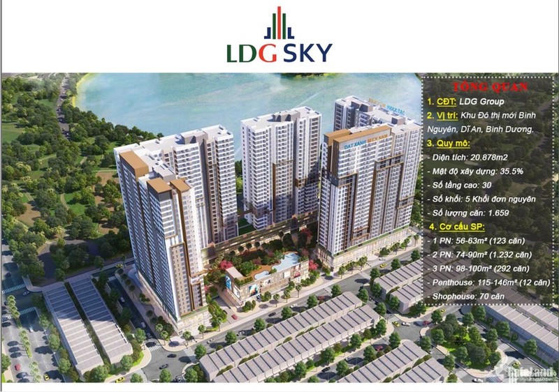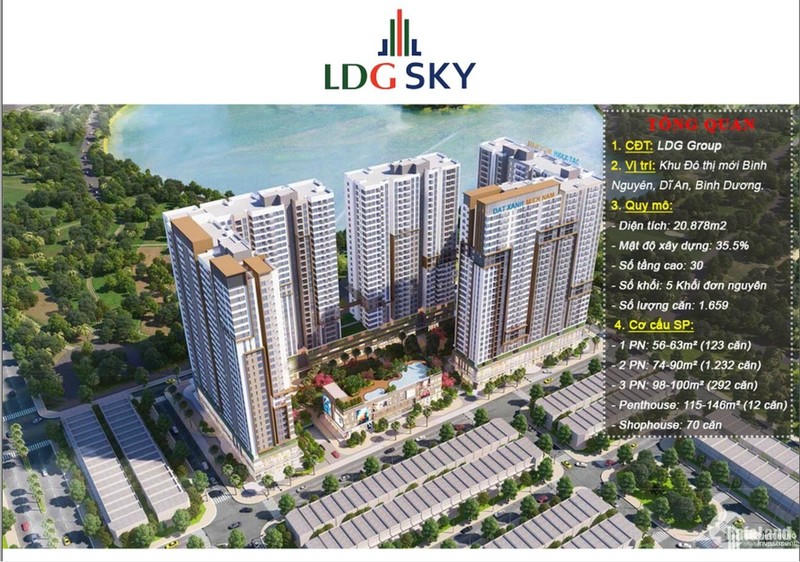 Theo như giới thiệu, dự án LDG Sky Bình Dương được hình thành trên quỹ đất lên đến 2ha trong Khu đô thị mới Bình Nguyên. LDG Sky được thiết kế với quy mô gồm 5 tháp là 5 khối đơn nguyên cao 30 tầng và cung cấp cho khu vực này khoảng 2.000 căn hộ.
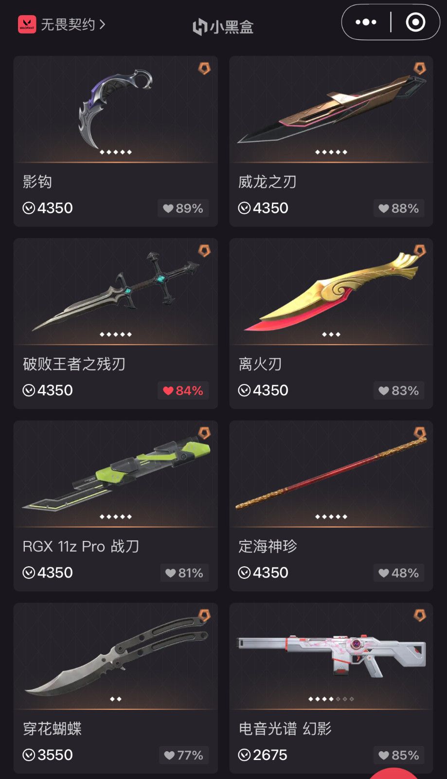 装备描述:建议义父们先进入【个人死斗】测试,确认无异常后再开排位 !不要挂机! 不要挂机! 挂机导致封号或禁止排位必追责! 如闪退弹出HVCl enable,请访问Windows安全中心>设备安全性>内核隔离详情信息>开启并重启电脑 如闪退弹出An IOMMU restriction has been applied, however a system restart is required to complete initialization. (已经应用了IOMMU限制,但是需要重新启动系统才能完成初始化。)请重启一下电脑试试。 错误代码VAN152为封禁机器码,如出现请直接撤单,请勿继续登录 登录界面请耐心等待约2分钟(自动登录),失败可多次尝试 仍无法登录 → 重启游戏/加速器,或客服人工辅助 刀皮:掠夺爪刀 威龙之刃 破败王大刀 离火刃 RGX战刀 金箍棒 黑市蝴蝶 狂徒:23冠军狂徒 全息波普狂徒 起源狂徒 幻影:电音光谱 大狙:离子大狙 起源大狙 左轮:西部未来 鬼魅:掠夺鬼魅 其余为通行证皮肤 祝您游玩愉快
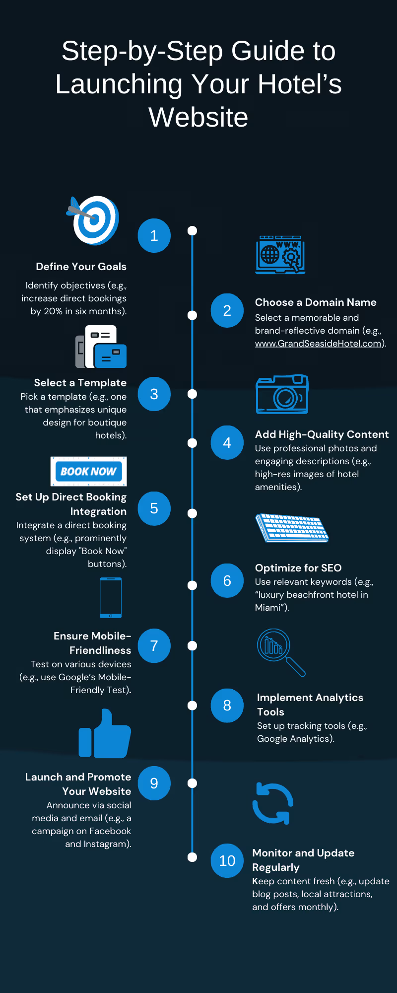 Identify what you want to achieve with your website. Are you looking to increase direct bookings, showcase your hotel’s unique features, enhance customer engagement, or improve your online visibility? Clear goals will guide the entire process.
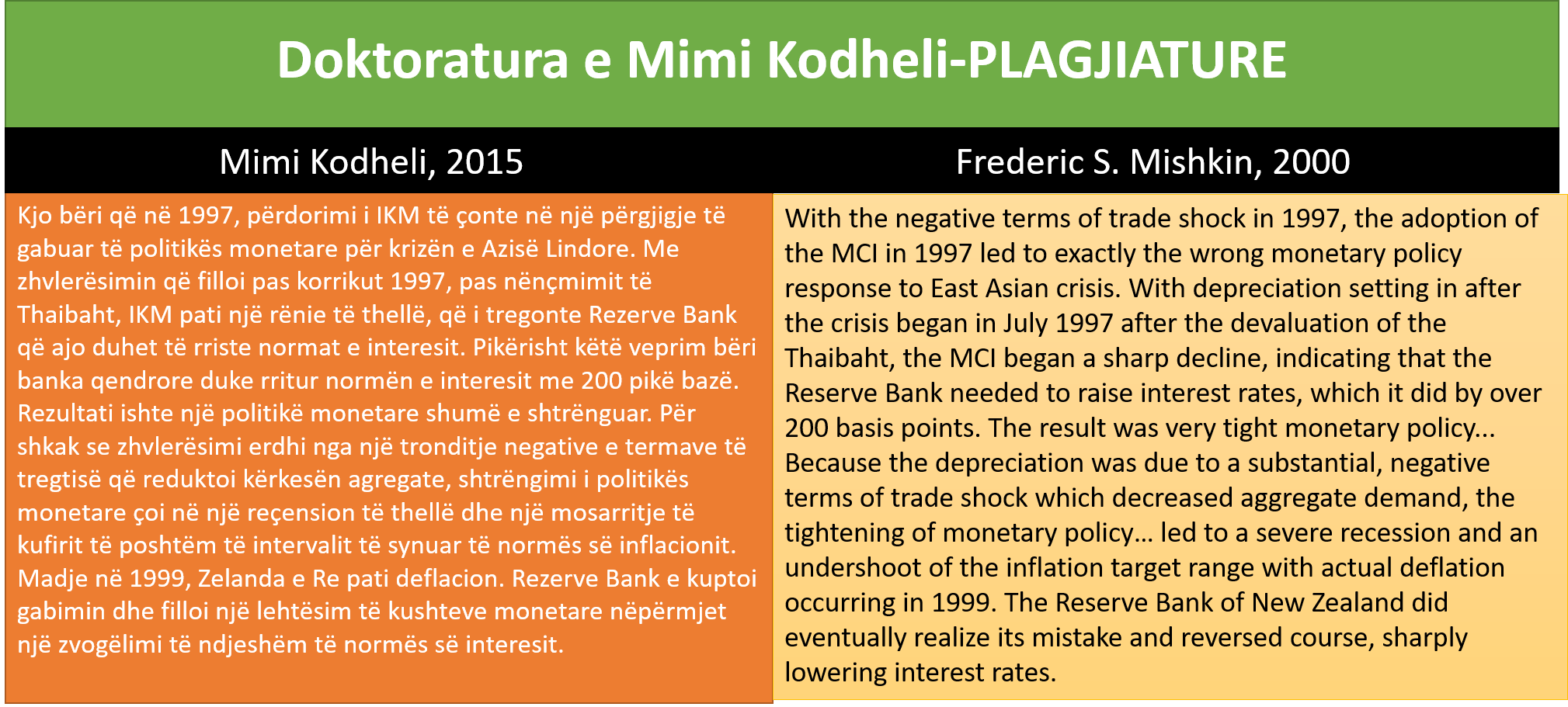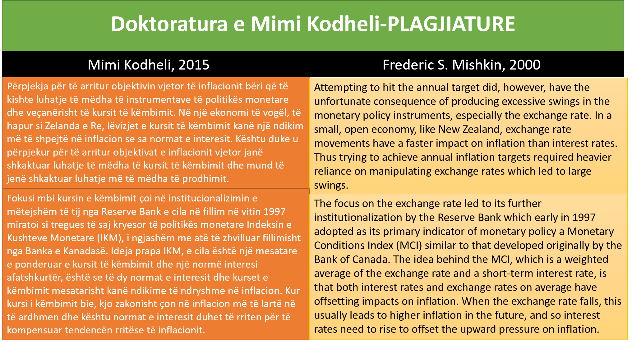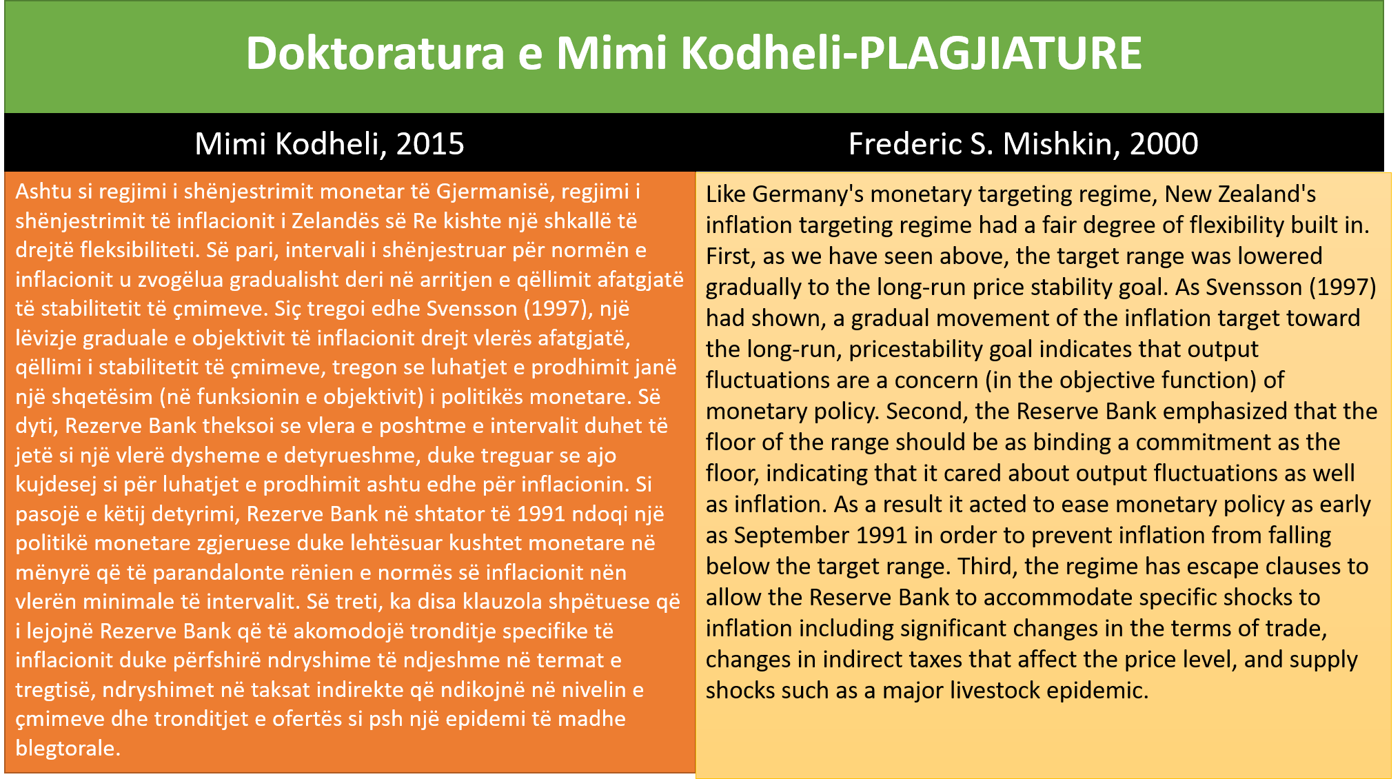 Me sa kam arritur të zbuloj unë, zonja Mimi Kodheli kopjimin më të madh e ka bërë prej artikullit “From monetary targeting to inflation targeting: lessons from the industrialized countries”, me autor Frederic S. Mishkin, i vitit 2000, prej të cilit ka kopjuar dy faqe e gjysmë te Tezës së saj (faqet 21, 22, 23 dhe 24), të cilat korrespondojnë me faqet 11,12 dhe 13 të artikullit në anglisht, të cilin e gjeni në internet në këtë adresë: https://pdfs.semanticscholar.org/…/3e358ebc297698dfbb8737fa…

————

*TASK INSTRUCTIONS*: Skipping the images, write out the whole listing exactly.

*RESPONSE BELOW*:
 Theo như giới thiệu, dự án LDG Sky Bình Dương được hình thành trên quỹ đất lên đến 2ha trong Khu đô thị mới Bình Nguyên. LDG Sky được thiết kế với quy mô gồm 5 tháp là 5 khối đơn nguyên cao 30 tầng và cung cấp cho khu vực này khoảng 2.000 căn hộ.
 装备描述:建议义父们先进入【个人死斗】测试,确认无异常后再开排位 !不要挂机! 不要挂机! 挂机导致封号或禁止排位必追责! 如闪退弹出HVCl enable,请访问Windows安全中心>设备安全性>内核隔离详情信息>开启并重启电脑 如闪退弹出An IOMMU restriction has been applied, however a system restart is required to complete initialization. (已经应用了IOMMU限制,但是需要重新启动系统才能完成初始化。)请重启一下电脑试试。 错误代码VAN152为封禁机器码,如出现请直接撤单,请勿继续登录 登录界面请耐心等待约2分钟(自动登录),失败可多次尝试 仍无法登录 → 重启游戏/加速器,或客服人工辅助 刀皮:掠夺爪刀 威龙之刃 破败王大刀 离火刃 RGX战刀 金箍棒 黑市蝴蝶 狂徒:23冠军狂徒 全息波普狂徒 起源狂徒 幻影:电音光谱 大狙:离子大狙 起源大狙 左轮:西部未来 鬼魅:掠夺鬼魅 其余为通行证皮肤 祝您游玩愉快
 Identify what you want to achieve with your website. Are you looking to increase direct bookings, showcase your hotel’s unique features, enhance customer engagement, or improve your online visibility? Clear goals will guide the entire process.
 Me sa kam arritur të zbuloj unë, zonja Mimi Kodheli kopjimin më të madh e ka bërë prej artikullit “From monetary targeting to inflation targeting: lessons from the industrialized countries”, me autor Frederic S. Mishkin, i vitit 2000, prej të cilit ka kopjuar dy faqe e gjysmë te Tezës së saj (faqet 21, 22, 23 dhe 24), të cilat korrespondojnë me faqet 11,12 dhe 13 të artikullit në anglisht, të cilin e gjeni në internet në këtë adresë: https://pdfs.semanticscholar.org/…/3e358ebc297698dfbb8737fa…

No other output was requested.